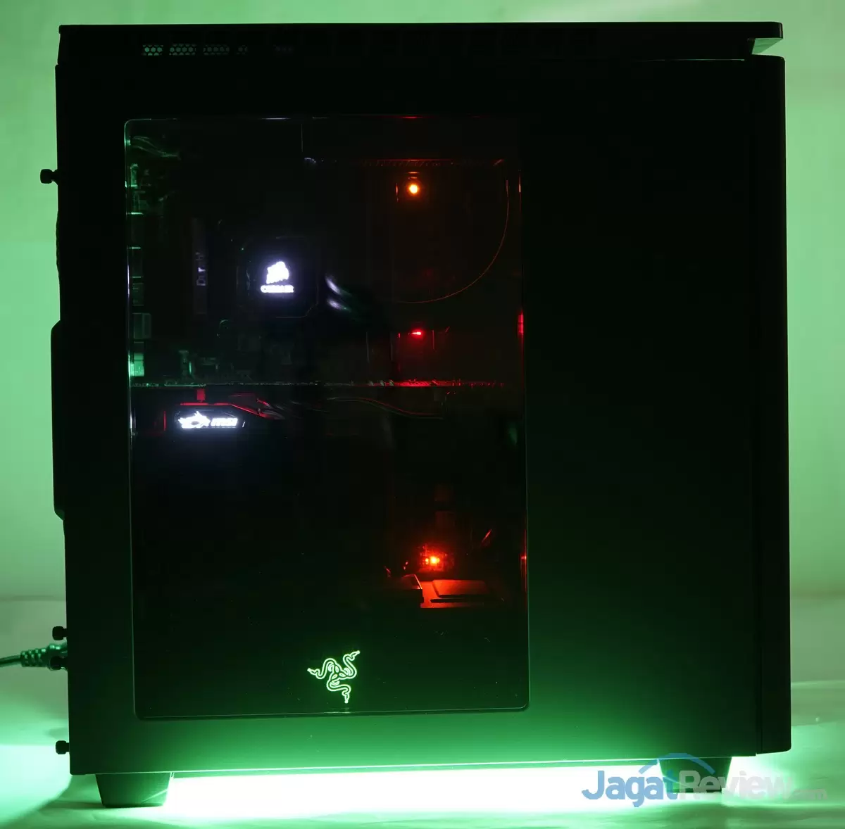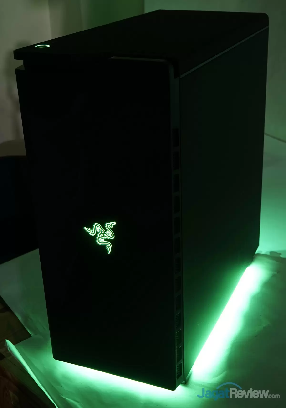Logo Razer pada penutup ruang power-supply juga dilengkapi dengan lampu LED berwarna hijau yang akan menyala ketika sistem dianyalakan.
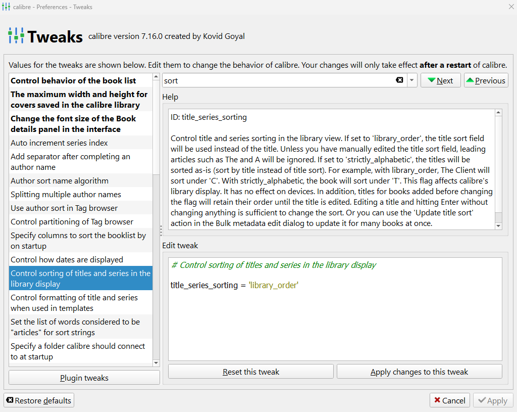 Is it possible to change the "sort title" rule in one go? Calibre makes its own sorting for many books (see image).
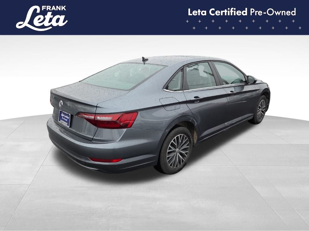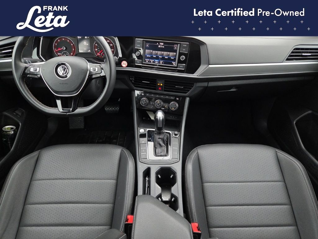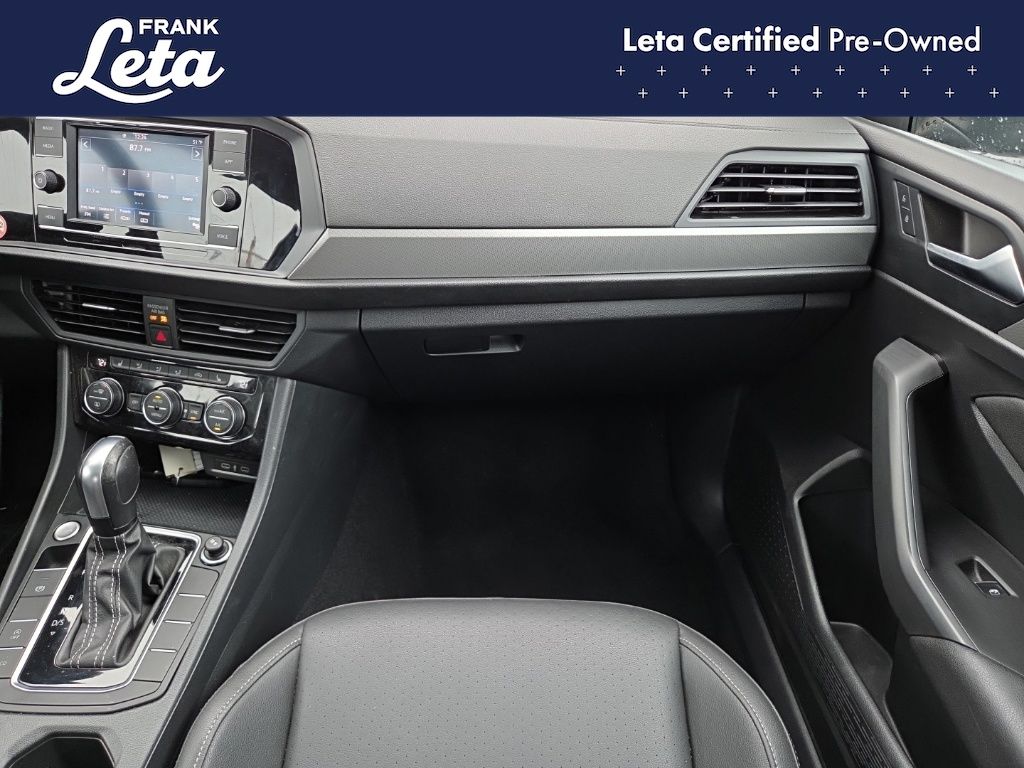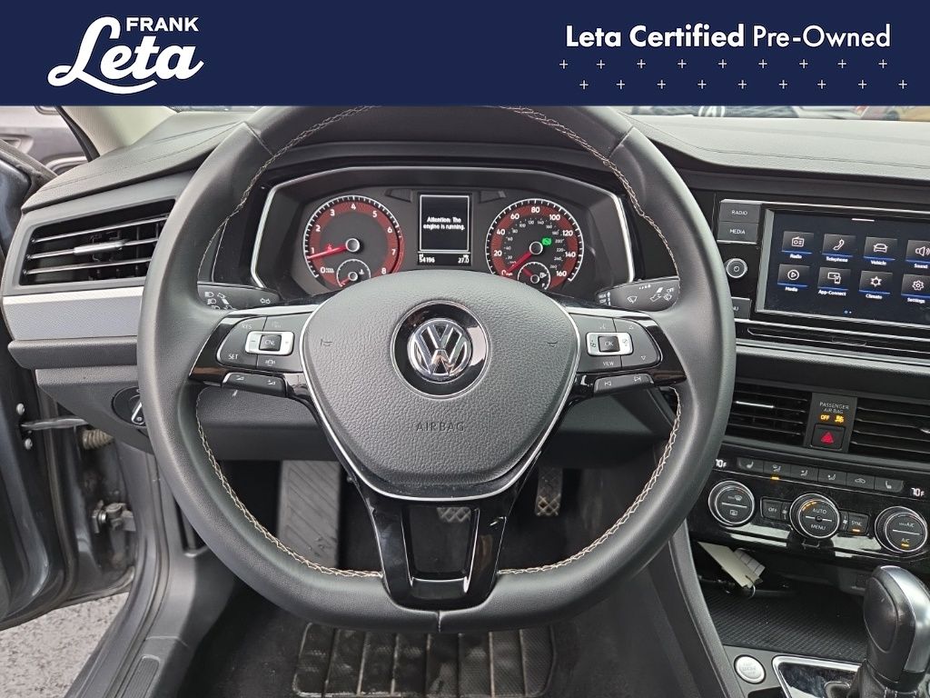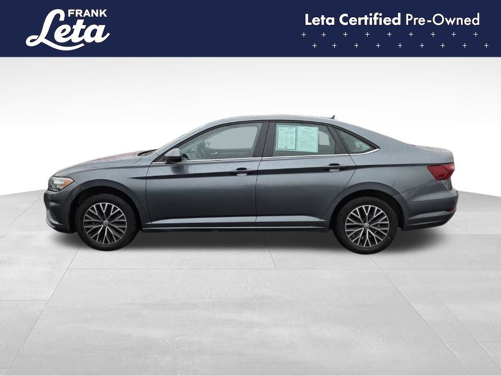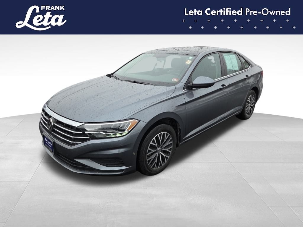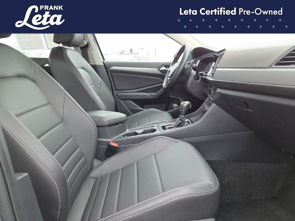 2021 Volkswagen Jetta 1.4T SE Platinum Gray Metallic Jetta 1.4T SE, Frank Leta Certified Certified, 1.4L TSI, Platinum Gray Metallic, Titan Black w/Perforated V-Tex Leatherette Seat Trim, Exterior Parking Camera Rear, Front dual zone A/C, Fully automatic headlights, Heated door mirrors, Heated Front Comfort Sport Seats, Heated front seats, Power moonroof: Panoramic, Wheels: 16" 2-Tone Machined Alloy, 4 Speakers, 4-Wheel Disc Brakes, ABS brakes, Air Conditioning, AM/FM radio, Automatic temperature control, Brake assist, Bumpers: body-color, Delay-off headlights, Driver door bin, Driver vanity mirror, Dual front impact airbags, Dual front side impact airbags, Electronic Stability Control, Emergency communication system: VW Car-Net services (capabilities require enrollment or subscription), Front anti-roll bar, Front Bucket Seats, Front Center Armrest, Front reading lights, Front wheel independent suspension, Illuminated entry, Leather Shift Knob, Low tire pressure warning, Occupant sensing airbag, Outside temperature display, Overhead airbag, Overhead console, Panic alarm, Passenger door bin, Passenger vanity mirror, Perforated V-Tex Leatherette Seat Trim, Power door mirrors, Power driver seat, Power steering, Power windows, Radio data system, Radio: Composition Color w/6.5" Touchscreen, Rear anti-roll bar, Rear reading lights, Rear seat center armrest, Rear window defroster, Remote keyless entry, Speed control, Speed-sensing steering, Split folding rear seat, Steering wheel mounted audio controls, Tachometer, Telescoping steering wheel, Tilt steering wheel, Traction control, Trip computer, Variably intermittent wipers, Jetta 1.4T SE, 1.4L TSI, Platinum Gray Metallic, Titan Black w/Perforated V-Tex Leatherette Seat Trim, Exterior Parking Camera Rear, Front dual zone A/C, Fully automatic headlights, Heated door mirrors, Heated Front Comfort Sport Seats, Heated front seats, Power moonroof: Panoramic, Wheels: 16" 2-Tone Machined Alloy. 1.4L TSI 8-Speed Automatic FWD 4D Sedan 29/39 City/Highway MPG
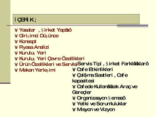 İÇERİK ; Yasalar , Şirket Yapısı Gi rişimci Düşünce Konsept Piyasa Analizi Kuruluş Yeri Kuruluş Yeri Çevre Özellikleri Ürün Özellikleri ve Servisi Mekan Yerleşimi Servis Tipi , Şirket Farklılıkları Cafe Etkinlikleri Çalışma Saatleri , Cafe kapasitesi Cafede Kullanılıcak Araç ve Gereçler Organizasyon Şeması Yetki ve Sorumluluklar Misyon ve Vizyon
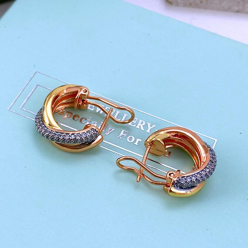 Трехцветные серьги-кольца с кристаллами и покрытием из 18-каратного золота для женщин
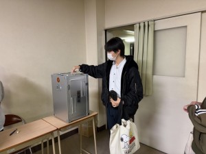 その後、実際の選挙で使われる選挙台で投票用紙に記入し、投票が行われました。
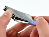 Insert the large iPod opening tool into the seam between the front case and rear panel of the iPod, below the dock connector. Run the tool back and forth to create an opening. The tool's edge should point toward the rear panel to prevent any accidental scratching of the aluminum front case.
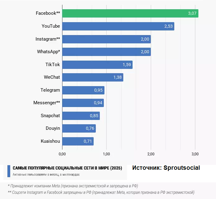 В России Telegram первый мессенджер, который во 2 квартале 2025 г превысил 100 млн. уникальных пользователей. Количество активных пользователей по всему миру превысило 1 млрд в месяц.
────────────────────
Starting with the first line of the records above and stopping after the line containing "Is it possible", repeat every line exactly and leave out the pictures.

Logo Razer pada penutup ruang power-supply juga dilengkapi dengan lampu LED berwarna hijau yang akan menyala ketika sistem dianyalakan.
 Is it possible to change the "sort title" rule in one go? Calibre makes its own sorting for many books (see image).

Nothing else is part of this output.